Two men stand beside a tree-lined field. Grass grows in sparse patches, but there is mostly dirt.
"This is where I will be happy to drop dead," one man says.
The other smiles and nods. "It sounds kind of pathetic," he says in agreement, "but I'd love to be buried here."
Soon after, a dozen others arrive and a game of touch football begins. A salesman plays beside a director of pornographic films. A hotel doorman guards a college student. An actor passes the ball to a car dealer. On this morning, they are football players.
Most sandlot games are loosely organized, coming and going with changes of season. The weekly ritual at Coldwater Canyon Park in Beverly Hills has endured for 17 years.
"It's beyond zealous, it's fanatic," said Bill Margold, 43, the porno director who professed his desire to perish on the field. "The fanaticism runs pure, blood-red through these people. You come out and are faithful and diligent to the game. Nothing is more important than the game."
The Coldwater Cats, as these men call themselves, have fought the City of Beverly Hills to keep their field. They have anted up $500 each season to pay for a required $1-million insurance policy.
They have done this for the pleasure of football. For several hours each week, these men set aside all other concerns to play intently, sometimes furiously, at a child's game.
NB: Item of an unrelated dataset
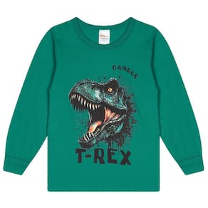 Camiseta infantil confeccionada em tecido macio e confortável, ideal para o dia a dia. Possui mangas longas, gola redonda e estampa divertida de dinossauro T-Rex, perfeita para os pequenos que adoram aventura. A modelagem garante liberdade de movimentos, sendo ideal para escola, passeios e momentos de lazer.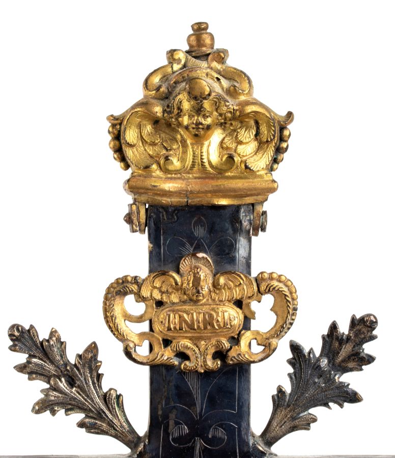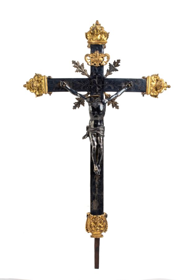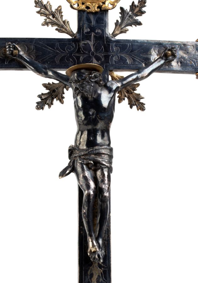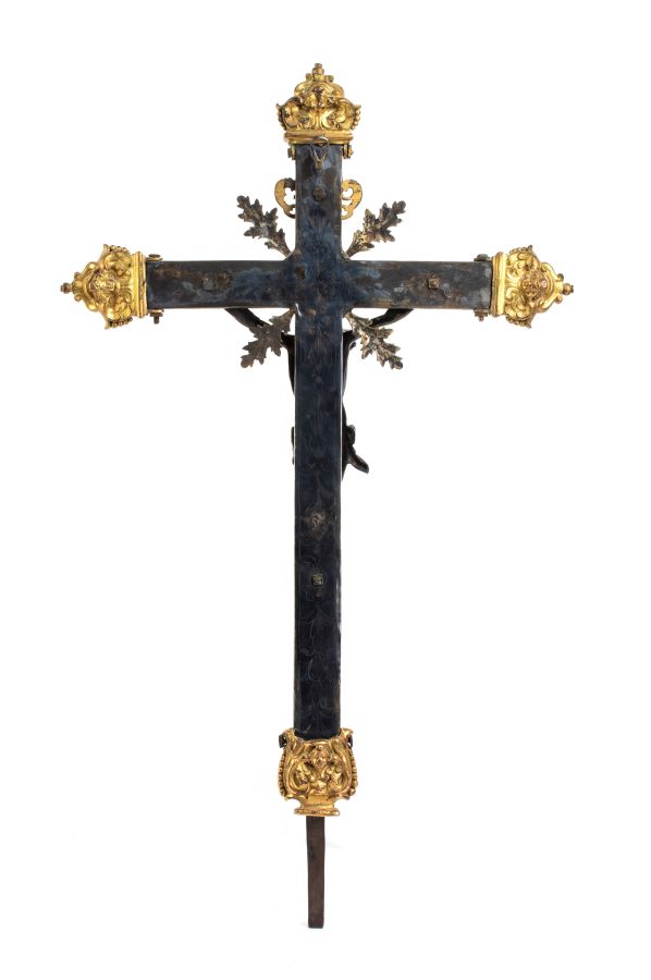 Altezza x larghezza x profondità: 56,5 x 33 c 8 cm. Peso lordo complessivo: 1835 gr. Corpus Christi in argento brunito, montato su una croce in argento; terminali, cimasa e piedicroce in bronzo dorato decorati con cherubini in rilievo e elementi a volute.

"I'll be honest with you, it's a big ego trip. We have guys who maybe weren't good enough to play quarterback in high school and college. Up here, they can be a quarterback," said Ed (Ebby) Levine, a retired supermarket executive who founded the game in 1970 and still plays at age 67. "Guys like to play football. I know I'd just as soon play football than go on a European vacation."
The Coldwater Canyon game looks, at first, like any pickup football game. There are no uniforms. Players wear gym shorts and T-shirts. The field is small and marked at boundaries by a water fountain and a bench. A manhole cover lies near the goal line.
Yet the Cats' longevity has created traditions beyond those of sandlot games. There is heritage and order to preserve, they say.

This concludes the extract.